The general idea is that the more we offload to machines, the more we can allocate our time to other tasks, to me, that's progress, that some of these tasks are not the most enlightening doesn't mean we did better before.

And I don't know what economist mean by "productivity", but we can certainly can buy more stuff than before, it means that productivity must have increased somewhere (with some ups and downs). It may not appear in GDP calculations, but to me, it is the result that counts.

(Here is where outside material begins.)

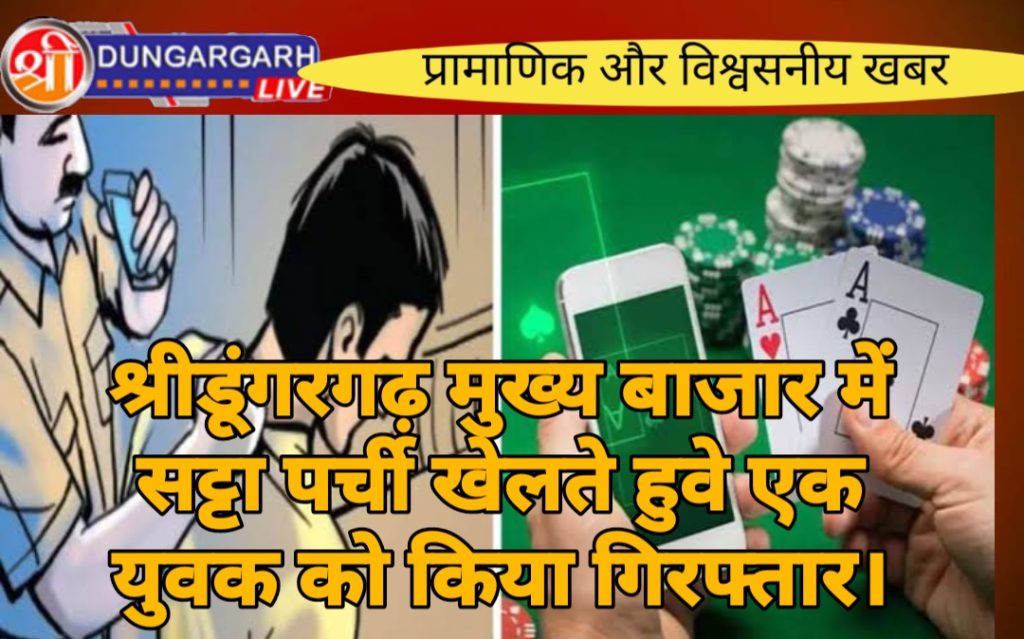 श्रीडूंगरगढ़ बीच बाजार में एसबीआई बैंक के पास है दो युवक सट्टा पर्ची खेल रहे थे पुलिस को मिली जानकारी के अनुसार पुलिस एसबीआई बैंक के पास पहुंची तभी दो युवकों में से एक युवक भीड़ में मौका देकर भाग गया और दूसरे को पुलिस ने गिरफ्तार कर लिया। गिरफ्तार युवक का नाम राकेश सिद्ध पुत्र रामकरण सिद्ध उम्र 33 साल निवासी मोमासर बास है।पुलिस की तलाशी के दौरान सट्टा पर्ची पेन डायरी और 530 रूपये नगद बरामद किए। श्रीडूंगरगढ़ पुलिस ने युवक को गिरफ्तार कर लिया है

I don't count home ownership, because you don't produce land. In fact, that land is so expensive is a sign of high global productivity. Since land is one of the few things that we need and can't produce, the more we can produce the other things we need, the higher the value of land is, proportionally.

piyh|1 month ago

> Pre literate peole could memorise vast texts

Pre literate peole HAD TO memorise vast texts

UltraSane|1 month ago

Instead of memorizing vasts amount of text modern people memorize the plots of vast amounts of books, moves, TV shows, and video games and pop culture.

Computers are much better at remembering text.

iambateman|1 month ago

You’re currently using the internet.

Capricorn2481|1 month ago

That doesn't contradict anything they wrote.

jama211|1 month ago

That’s a lot of assumptions.

ctoth|1 month ago

> People will risk their life in a horribly janky self driving car if it means they can swipe on social media instead of watching the road - acceptance doesn't mean it's good.

People will risk their and others' lives in a horribly janky car if it means they can swipe on social media instead of watching the road - acceptance doesn't mean it's good.